### Instructions for the task
Leave the pictures out, and transcribe the material below exactly from the line with "40 шт. светящиеся" to the line with "But a visual", both lines included.

### Records provided
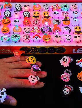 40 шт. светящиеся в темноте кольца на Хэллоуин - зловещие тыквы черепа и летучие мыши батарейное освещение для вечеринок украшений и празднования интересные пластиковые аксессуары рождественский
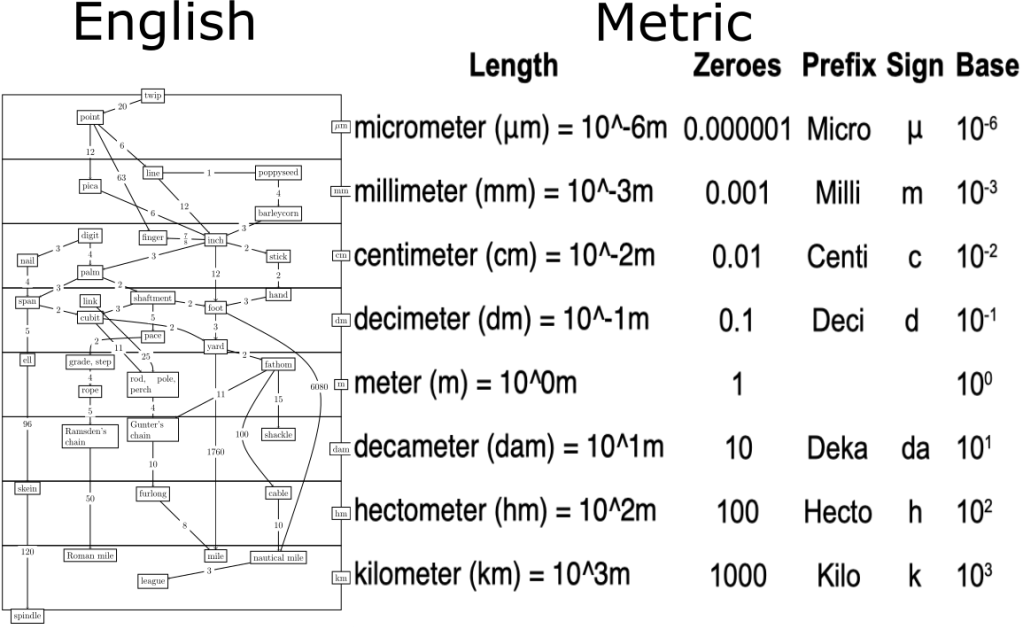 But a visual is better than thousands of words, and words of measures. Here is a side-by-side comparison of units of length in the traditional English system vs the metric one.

==

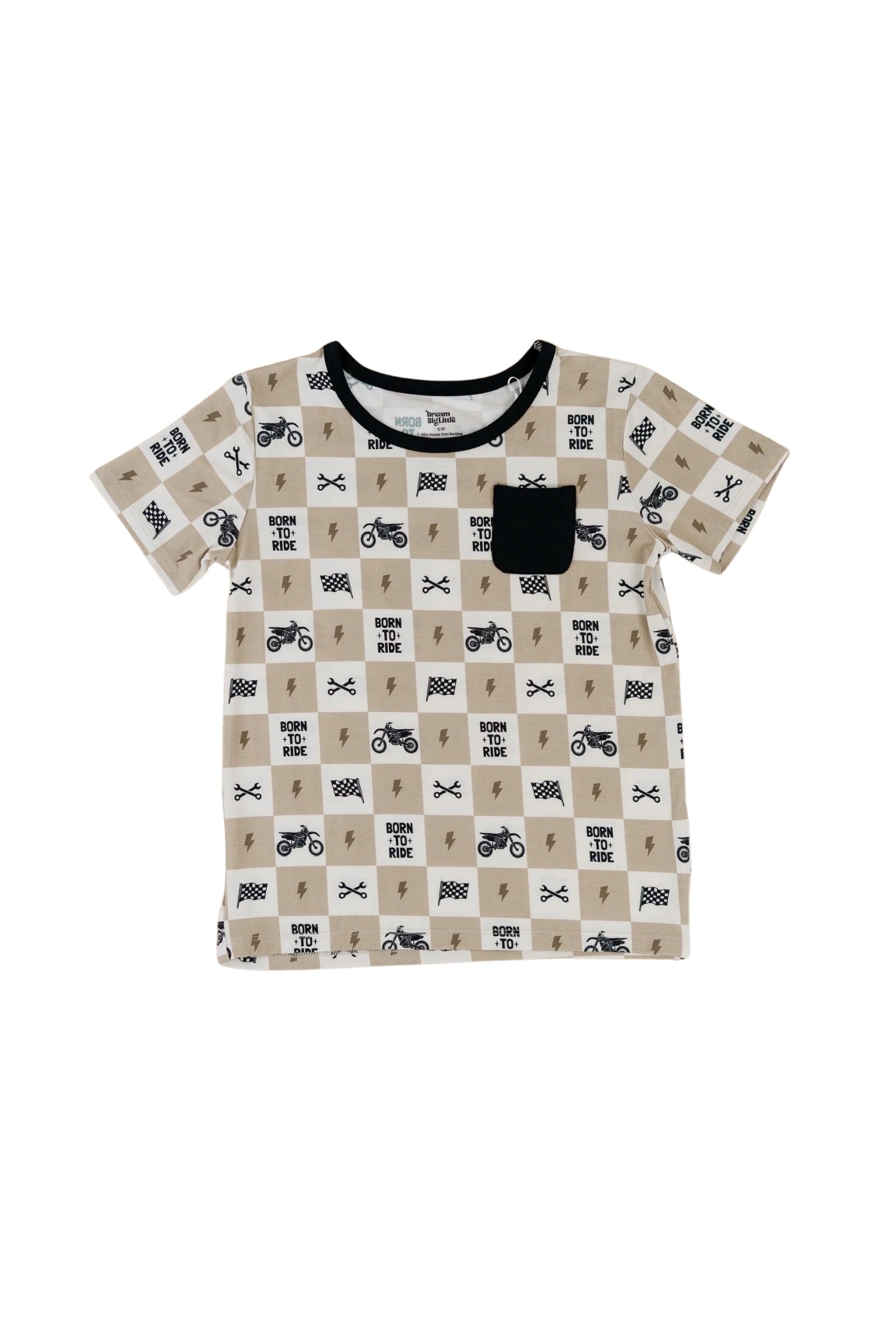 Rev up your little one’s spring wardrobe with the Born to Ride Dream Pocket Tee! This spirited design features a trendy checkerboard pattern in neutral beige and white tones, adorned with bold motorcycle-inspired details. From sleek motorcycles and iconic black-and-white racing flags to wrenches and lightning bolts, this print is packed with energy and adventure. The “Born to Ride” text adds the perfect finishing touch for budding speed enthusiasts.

==

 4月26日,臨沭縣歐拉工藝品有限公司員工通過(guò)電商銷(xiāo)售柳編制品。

### Result for this exercise
 40 шт. светящиеся в темноте кольца на Хэллоуин - зловещие тыквы черепа и летучие мыши батарейное освещение для вечеринок украшений и празднования интересные пластиковые аксессуары рождественский
 But a visual is better than thousands of words, and words of measures. Here is a side-by-side comparison of units of length in the traditional English system vs the metric one.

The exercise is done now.